What is t? The thickness of the membrane?

5. Aug 4, 2015

### AlexMentink

Hmm ok, the thing is I have a linear relationship between the lung volume and pressure, therefore I would like to use V/p or p/V in the equation to solve for E.

I don't have any idea how to extract p/V or V/p from this relation..

t is indeed the thickness of the membrane

6. Aug 4, 2015

### nasu

You could call that ratio "x" and express p as x*V in the equation.
Then solve for this x.

Or just solve for p and then divide the result by V. It will depend on volume as well as the parameters of the balloon.

7. Aug 4, 2015

### Staff: Mentor

The relationship may be linear, but it is not a direct proportion (at least not in the case of your lungs). When the pressure difference goes to zero, your lung volume does not go to zero. In the case of a balloon, when the pressure difference goes to zero, the volume of the balloon does go to zero. So maybe a balloon is not such a good quantitative model of a lung.

Chet

8. Aug 4, 2015

### Nidum

Volumetric expansion of a balloon with pressure can never be very linear over large ranges

Membrane thickness will reduce considerably for non trivial volumetric expansions .

Maybe something more like a cylinder and piston with a spring ?

Or a cylindrical bellows with a spring ?

9. Aug 4, 2015

### AlexMentink

The thing is that I'm building a box as a model for the respiratory system including diaphragm and abdomen stiffness. In most surgeries CO2 is inflated in either the thorax or abdomen to make room for using the instruments. The box should model the relationships between lungs, diaphragm and abdomen stiffness.

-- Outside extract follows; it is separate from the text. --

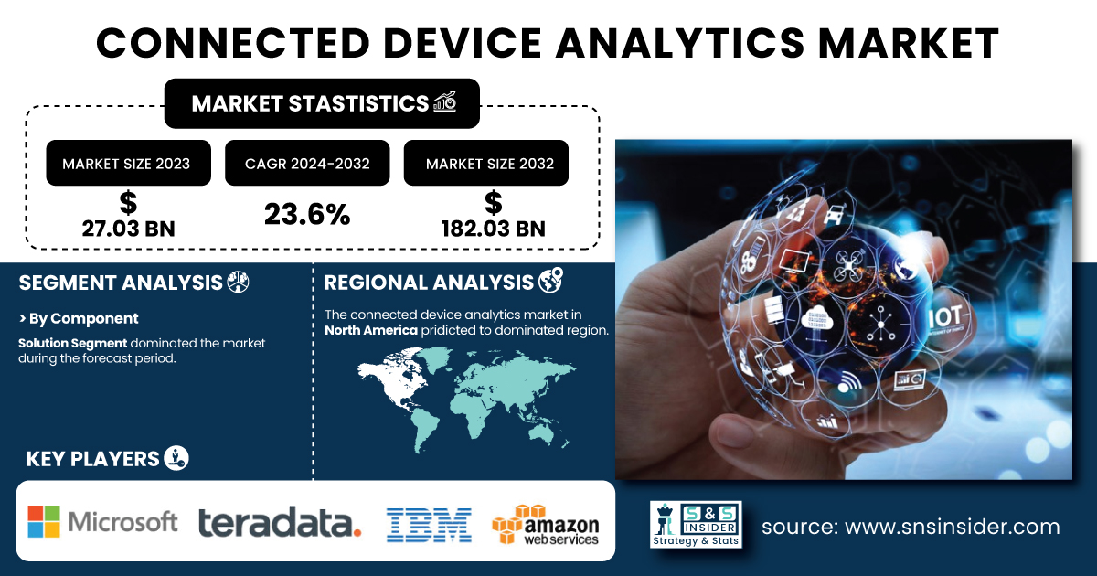 AUSTIN, TX, UNITED STATES, January 29, 2025 /EINPresswire.com/ — The Connected Device Analytics Market size was USD 26.77 Billion in 2023 and is expected to reach USD 165.42 Billion by 2032, growing at a robust CAGR of 22.5% over the forecast period of 2024-2032.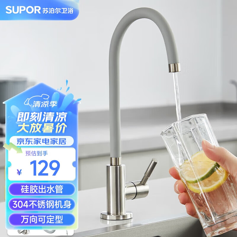 苏泊尔(SUPOR)万向可弯折定型净水器水龙头 厨房不锈钢直饮纯净水单冷龙头234分价格:129.00元!

During all real procedures, a minimum pressure is inflated into the lungs, to make sure they don't stick together. Therefore in this model, the balloon will be kept at a minimal pressure and will have a minimal volume.

Finally, the lung pressure/volume relationship is not really linear, but in the form of y=ax^2-bx. The problem is that I don't know how to setup a nonlinear mathematical relationship using the material properties of a rubber balloon. Does anyone know what the general formula is for calculating the elasticity of rubber (non linear)?

10. Aug 4, 2015

### nasu

The elasticity of rubber is given, it is a material property.
It may depend on the strain in the material (this will make the material non-linear).

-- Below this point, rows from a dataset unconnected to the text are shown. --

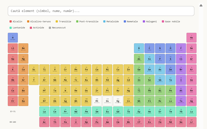 Crează o versiune interactivă a tabelului periodicPoți căuta elemente după nume sau poți atinge orice element pentru a afla mai multe despre el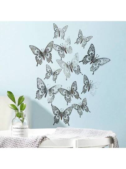 12pcs Silver And Champagne Color 3d Hollow Out Butterfly Wall Stickers, Can Be Diy With Faux Pearl And Suitable For Bedroom, Kids' Room, Study, Dining Room, Living Room, Office, Refrigerator, Etc. - Silver - View 1
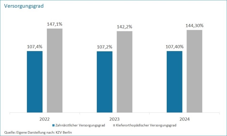 Der zahnärztliche und kieferorthopädische Versorgungsgrad in Berlin ist sehr hoch. Der zahnärztliche Versorgungsgrad liegt nahezu konstant bei 107 Prozent, der kieferorthopädische sogar bei über 140 Prozent.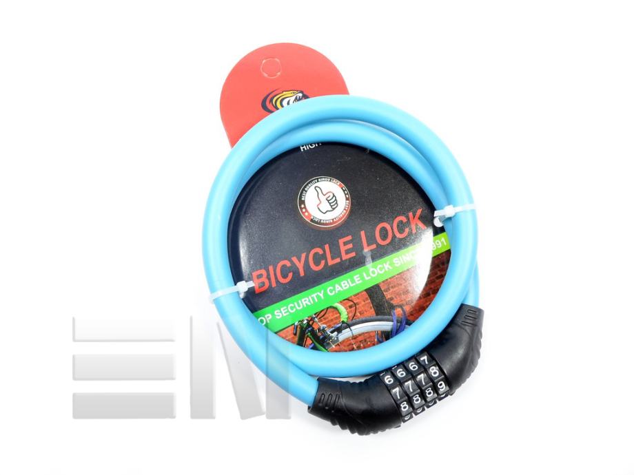 Lokot za bicikl, za zaštitu od krađe na šifru od 4 broja, šifru od 4 broja namještate sami, mogućnost mjenjanja šifre Plastificirana sajla debljine 12mm i dužine 80 cm. Može poslužiti i za zaštitu drugih stvari od krađe.

What do you actually try to calculate the elasticity? Starting from what?
What are these p/v data for the lungs mentioned in the OP?
P/v versus what parameter?

11. Aug 4, 2015

### Nidum

Last edited by a moderator: May 7, 2017
12. Aug 4, 2015

### sophiecentaur

Apart from looking a bit like a lung, how does a balloon provide a better model than a cylinder and piston? A piston could actually be driven with servos to give it all sorts of pv characteristics or a number of pistons in cylinders with springs could provide a mechanical model to any degree of agreement. the diaphragm is as much like a piston in structure as a balloon.

13. Aug 5, 2015

### AlexMentink

Thanks for all quick replies!

I will make it a bit more clear.
In most surgeries CO2 is inflated in either the thorax or abdomen to make room for using the instruments. In the case of a thorax surgery, a needle is placed between the lungs and ribcage inflating CO2 (causing a pneumothorax). Increase in pressure will squeeze the lungs together and the diaphragm down. Data about these pressure-volume relationships are known.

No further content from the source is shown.